- Published: November 13, 2021
- Updated: November 13, 2021
- University / College: Drexel University
- Language: English
- Downloads: 21
Medical billing is a process that health care providers and insurance companies use to submit and to follow up on medical services and treatments in order to receive payment. The ten steps of the medical billing process have been divided into three categories: The visit, the claim and the post claim.
The first category has steps one through four that occur during the initial visit. The first step is to pre-register the patient. To pre-register a new or returning patient, a schedule or an update for appointments need to be made. A patient’s demographic and insurance information needs to be collected. New and returning patients also need to provide a medical reason for the visit.
The second step is to determine the patient’s financial responsibility regarding the visit. The patient’s health plan and insurance must meet the doctor’s office standards regarding eligibility. Patients are responsible for all charges not covered by their health plan. Uninsured patients are fully responsible for all medical charges.
The third step is the actual check-in of the patient. For new patients, all medical and insurance information is collected. Returning patients have to review previously recorded medical information. Insurance cards and drivers licenses are photocopied and filed for future reference. Medical forms are to be filled out and co-payments are collected either before or after doctor visit.
The forth step is the check-out procedure of the patient. All patient visits, diagnoses and procedures are documented and assigned medical codes for billing purposes. The medical codes for diagnoses and procedures are used by medical insurance specialists to update the patients’ files and to submit claims to the medical insurance companies.
The second category of the medical billing process is known as the claim. It has steps five, six and seven. The fifth step is to review coding compliance. Medical codes have to follow official guidelines to satisfy insurance company requirements. All medical procedures, treatments and services must be logically linked within the medical record to allow the insurance company to identify the necessity of the medical charges.
The sixth step is to check billing compliance. Each individual charge for a visit is assigned to a specific medical/procedure code. There are separate fees for each code, but not all codes are billable. The code can only be billed according to the insurance companies’ rules. Following those guidelines will result in billing compliance.
The seventh step is to prepare and transmit claims. Health care claims need to be accurate and timely. The claim gives information about the patients’ diagnosis, procedures, and charges to the insurance company. The transmitting of claims usually has a schedule, such as everyday or every other day.
The third category of the medical billing process is known as the post-claim. It has steps eight, nine and ten. The eighth step is to monitor payer adjudication. Adjudication is the process that insurance companies use to review medical claims. This process judges whether or not the claim should be paid. They choose to pay the claim in full, pay part of it, or deny all of it. The reasons for specific payments are sent back with the reports. If patients are covered by more than one health plan, additional claims are sent to the other health plans and are based on the amount that is still due.

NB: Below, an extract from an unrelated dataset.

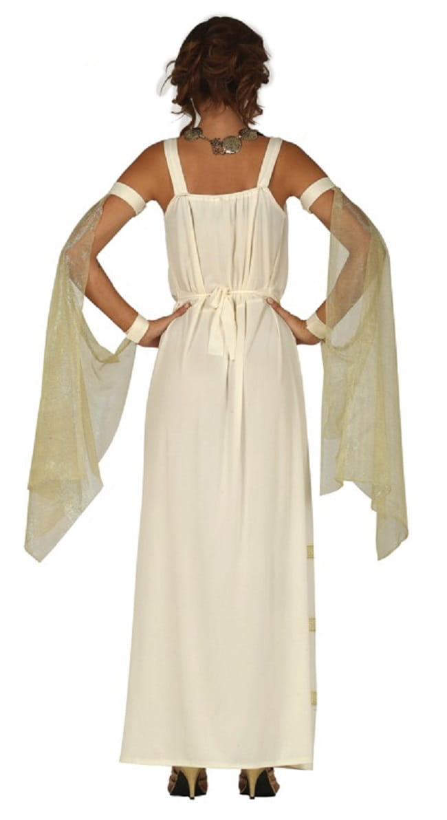 Tunika w kremowym kolorze z lamówkami ozdobionymi złotymi wzorami typu greckie szlaki. Sukienka posiada odcięcie w pasie i wiązanie z tyłu, co pozwala na idealne dopasowanie do sylwetki. Atutem stroju są złote, siateczkowe szale zapinane na ramionach i nadgarstkach, które dodają elegancji i podkreślają antyczny charakter kostiumu.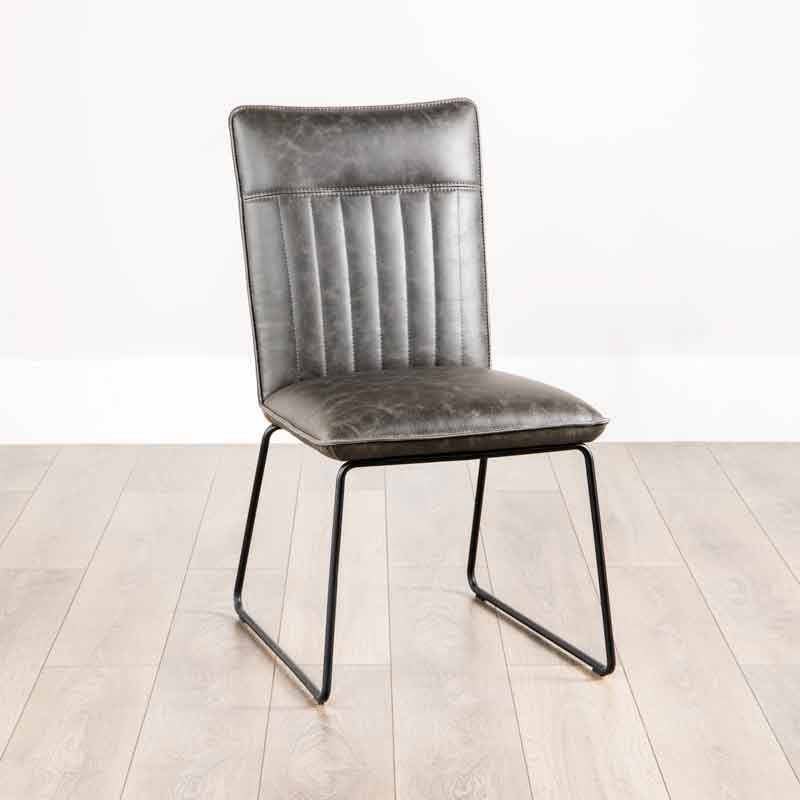 Our Hooper Grey Chair adds style to your living space. This is guaranteed to wow with its grey stitched leather and stainless steel legs throughout your modern home décor.

The ninth step is to generate patient statements. The insurance companies’ payments are applied to each individual account accordingly and payments that are not fully covered by the insurance company are sent to the patient for the rest of the payment. All bills paid by the insurance company and the patient should sum up to be the exact amount of the bill. The bills mailed to the patients have a list of the dates and medical services provided to the patient and the balance that is still due, if any.
The tenth step is to follow up on the patient payments and handle collections. All payments, paid and overdue, are analyzed on a regular basis. Eventually, a collection process will start if payments are consistently late. Once paid, patient medical and financial records are then filed and retained. The federal government decides the length of medical record retainment.
Bibliography:
Valerius−Bayes−Newby−Seggern, (2008). Medical Insurance: An Integrated Claims Process Approach (3rd ed.). , : The McGraw-Hill Companies.